__Exercise input__:
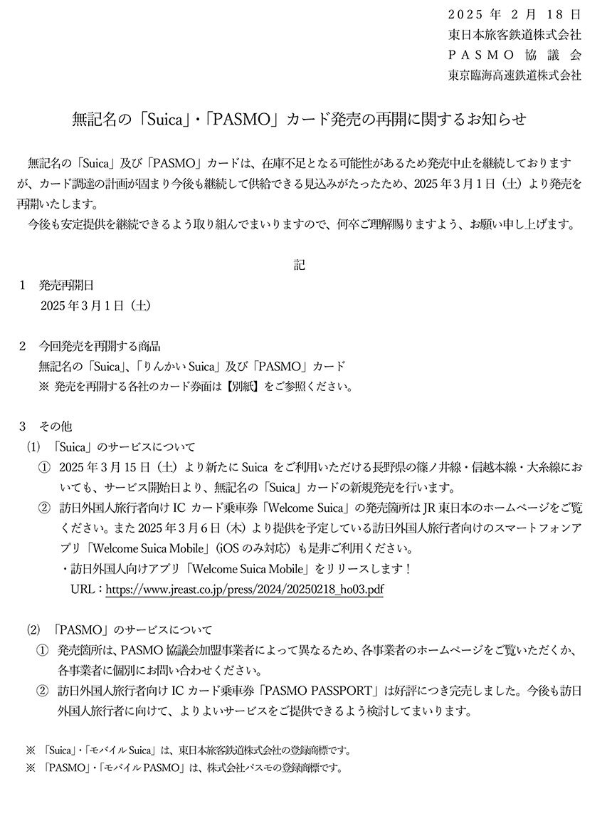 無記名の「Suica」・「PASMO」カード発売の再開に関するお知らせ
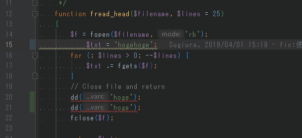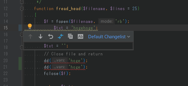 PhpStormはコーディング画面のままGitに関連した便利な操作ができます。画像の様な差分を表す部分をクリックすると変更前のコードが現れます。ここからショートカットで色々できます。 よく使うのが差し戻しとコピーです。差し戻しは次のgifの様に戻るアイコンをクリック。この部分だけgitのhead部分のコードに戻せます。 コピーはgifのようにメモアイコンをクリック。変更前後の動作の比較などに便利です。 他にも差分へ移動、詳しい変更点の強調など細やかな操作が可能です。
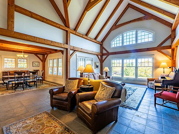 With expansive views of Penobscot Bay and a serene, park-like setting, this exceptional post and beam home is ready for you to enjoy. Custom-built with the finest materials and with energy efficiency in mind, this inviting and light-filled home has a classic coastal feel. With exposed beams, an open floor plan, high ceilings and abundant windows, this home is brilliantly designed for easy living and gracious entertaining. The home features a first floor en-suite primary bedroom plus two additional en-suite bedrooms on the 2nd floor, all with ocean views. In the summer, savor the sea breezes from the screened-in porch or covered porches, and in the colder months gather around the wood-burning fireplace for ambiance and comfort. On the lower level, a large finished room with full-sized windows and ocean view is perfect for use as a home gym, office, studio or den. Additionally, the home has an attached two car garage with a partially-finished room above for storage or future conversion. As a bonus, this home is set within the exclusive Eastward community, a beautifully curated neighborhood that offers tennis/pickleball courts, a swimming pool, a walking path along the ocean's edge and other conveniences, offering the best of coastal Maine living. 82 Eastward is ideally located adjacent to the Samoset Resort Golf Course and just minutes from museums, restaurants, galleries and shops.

--

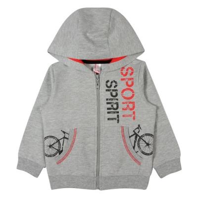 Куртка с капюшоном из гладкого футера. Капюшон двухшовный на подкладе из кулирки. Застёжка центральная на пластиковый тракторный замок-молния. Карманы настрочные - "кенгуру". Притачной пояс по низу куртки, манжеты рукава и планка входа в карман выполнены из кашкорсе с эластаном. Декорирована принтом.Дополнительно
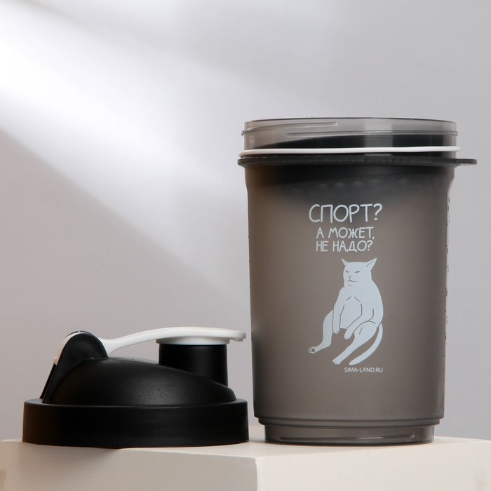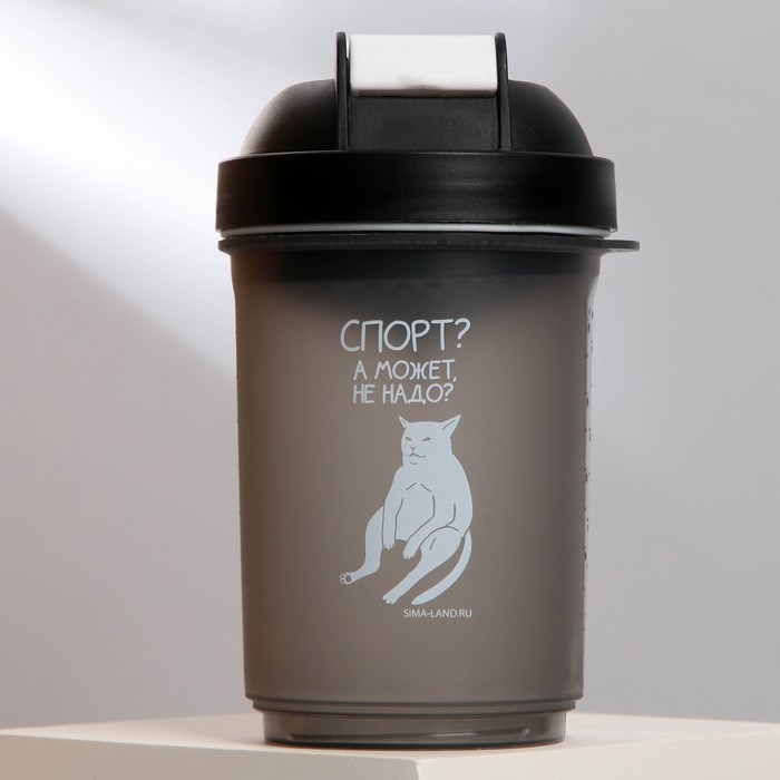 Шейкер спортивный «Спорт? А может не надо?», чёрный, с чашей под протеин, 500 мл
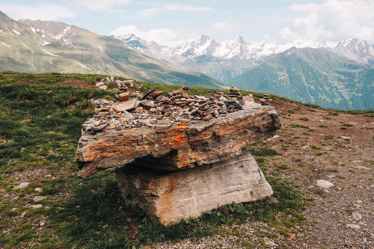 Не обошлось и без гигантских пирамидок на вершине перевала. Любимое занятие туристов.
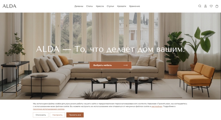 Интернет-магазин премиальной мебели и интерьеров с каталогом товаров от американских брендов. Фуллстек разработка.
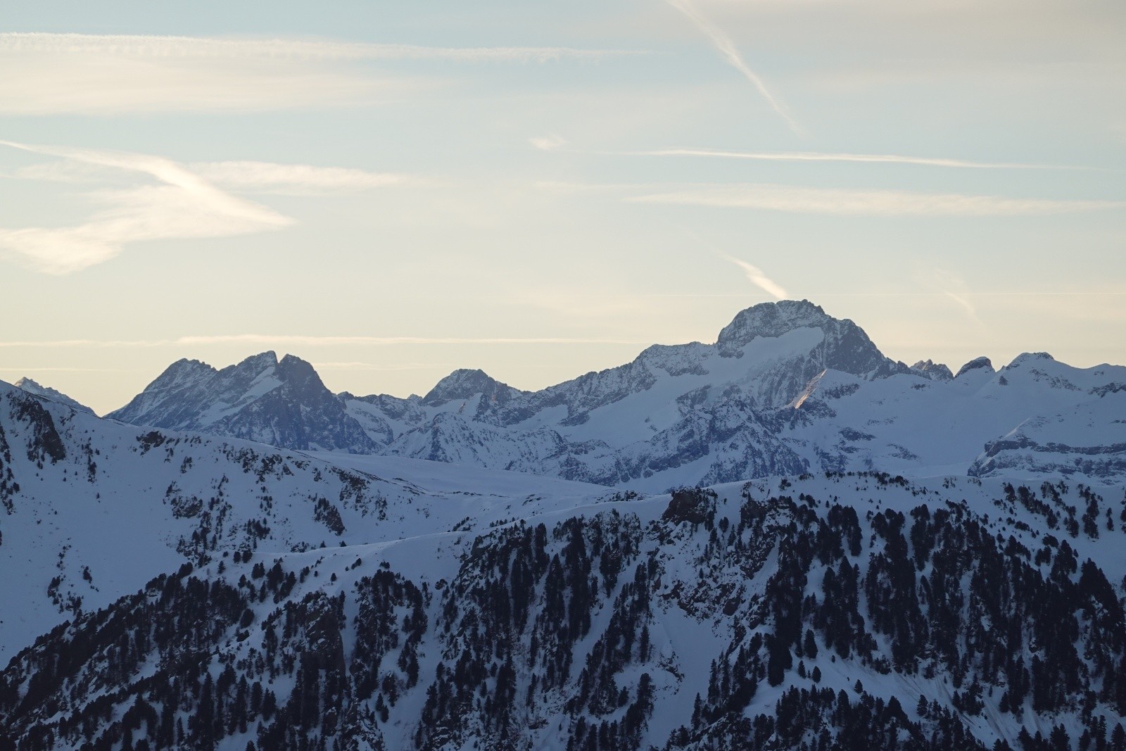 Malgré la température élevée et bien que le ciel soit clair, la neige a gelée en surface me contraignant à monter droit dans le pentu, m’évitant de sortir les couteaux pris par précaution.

__Directions for this task__: From the records above, write out exactly the lines that begin at the line with "Куртка с капюшоном" and end at the line with "Malgré la température". Pictures must not appear in the output.

__Solved exercise__:
 Куртка с капюшоном из гладкого футера. Капюшон двухшовный на подкладе из кулирки. Застёжка центральная на пластиковый тракторный замок-молния. Карманы настрочные - "кенгуру". Притачной пояс по низу куртки, манжеты рукава и планка входа в карман выполнены из кашкорсе с эластаном. Декорирована принтом.Дополнительно
 Шейкер спортивный «Спорт? А может не надо?», чёрный, с чашей под протеин, 500 мл
 Не обошлось и без гигантских пирамидок на вершине перевала. Любимое занятие туристов.
 Интернет-магазин премиальной мебели и интерьеров с каталогом товаров от американских брендов. Фуллстек разработка.
 Malgré la température élevée et bien que le ciel soit clair, la neige a gelée en surface me contraignant à monter droit dans le pentu, m’évitant de sortir les couteaux pris par précaution.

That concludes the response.